Third, state A might promote or support a merger (that it would normally block on competition grounds) of two weaker domestic companies in order to create a national champion. Such a national champion would not only be less susceptible to a foreign takeover, but would also, arguably, provide other economic benefits. Russia's government, for example, is believed to have played a strong hand in the consolidation of the Russian aluminum companies Rusal and Sual in order to prevent these companies from becoming liable to a future foreign takeover. After the Rusal/Sual tie-up, it then supported a further merger with Glencore (of Switzerland) in order to create “the world's biggest aluminum producer” (Pavliva Reference Pavliva2007), but only on the understanding that the majority of the new company would remain in Russian hands. Oleg Deripaska, the owner of the newly merged entity United Company Rusal, has openly said that he is even prepared to “‘give up’ the company to the state if the Russian government asked for it,” because he “[does not] separate [him]self from the state” and “[has] no other interests” (Pavliva Reference Pavliva2007). Such statements clearly indicate that the company remains under the definitive influence and control of the Russian government.

Internal Intervention as a Tool of Non-Military Internal Balancing

Internal intervention is, therefore, one potential means of non-military internal balancing. It allows the state to protect those sectors it deems vital to national security from foreign ownership and control, when such an outcome would be potentially detrimental to its relative power position and rank, or to its future survival. For example, internal intervention offers one possible way to obviate a potential foreign takeover that would place a highly sensitive industry, or vital and scarce resource, in the hands of a known political/military competitor and/or rising power. Ally and foe alike, therefore, might be targeted by such a form of intervention, as both have the potential to change or challenge a state's relative power position in a world where economic, political, and military power are inextricably linked, though challenges to state survival are obviously most likely to come from previously identified foes.
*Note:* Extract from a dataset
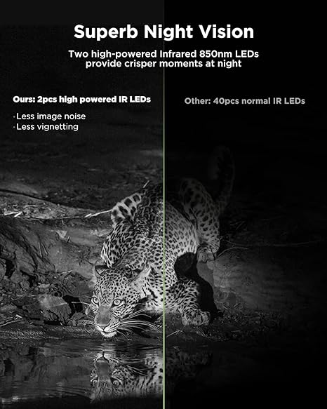 【ФОТОГРАФИИ 40 МП И ВИДЕО ULTRA HD 4K/30 кадров в секунду】Благодаря изображениям 40 МП и съемке 4K 30 кадров в секунду все захваченные объекты получаются четкими и чистыми. Кроме того, благодаря высококачественному оптическому объективу, усовершенствованному датчику изображения и двум большим светодиодам для слабого освещения с длиной волны 850 нм эта камера позволяет запечатлеть удивительные моменты ночной дикой природы со все более четкими деталями. (Примечание: формат видео – MP4, формат фотографий – JPG).

Like any other tool of non-military internal balancing, internal intervention is a strategy that allows the state to maintain (or maximize) the economic and military power necessary for state survival, and is a response to a specific threat – real and/or perceived – to relative power. It, too, like the types of intervention discussed in the previous chapters, qualifies as form of internal balancing, because it is a “move to increase economic capability” (Waltz Reference Waltz1979, 118) as part of the wider effort to preserve and/or maximize power in response to a challenge to that power. It is non-military in nature, because this balancing tool is also chosen for its ability to maintain the greater meta-relationship at stake between the states involved, as it is unlikely ever to lead to a truly negative or irreversible disruption in such a relationship.
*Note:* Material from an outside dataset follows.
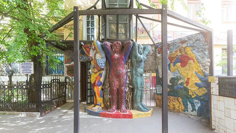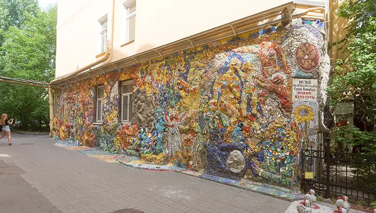 Музей под открытым небом «Санкт-Петербург – Олимп культуры», или просто Мозаичный дворик, как называют его местные жители, представляет собой выставку мозаичных работ заслуженного художника России Владимира Лубенко и его учеников из Малой Академии искусств. Барельефы, скульптуры, панно, фонтан и детский городок – все сверкает на солнце яркими кусочками смальты. Это волшебное место восхищает гостей и жителей города своей красотой и самобытностью.

On first appearance, this internal form of intervention may appear to be the most similar to the “economic component” of traditional internal balancing as defined by Brawley (in Paul et al. Reference Paul, Wirtz and Fortmann2004). Yet, while it can be a tool connected to a direct “increase [in] military strength” (Waltz Reference Waltz1979, 118) or an “arms race” (see Brawley in Paul et al. Reference Paul, Wirtz and Fortmann2004, 85), it may also simply be part of a more general strategy that seeks to counter threats to other areas of economic power vital to a state's overall power, position, and long-term survival. The temporal frame and cadence of the internal intervention strategy may also be very different from more conventional forms of internal balancing. In other words, while internal balancing has traditionally been understood to be a response to an immediate, or near-term, threat to power, the type of intervention discussed here may be part of a strategy to balance a challenge to power that may not threaten survival for many decades to come.7

The author is not arguing that the dynamics behind internal intervention can be fully explained by the primary and secondary hypotheses posited earlier. Though the factors motivating the desire to intervene internally may be similar to those hypothesized to influence the direct forms (unbounded and bounded) of government intervention in most cases, there may be additional factors governing this particular type of state behavior under certain circumstances. It must be stressed here that internal intervention is an alternative to direct intervention into a cross-border acquisition, and its indirect nature may make it subject to other domestic political factors.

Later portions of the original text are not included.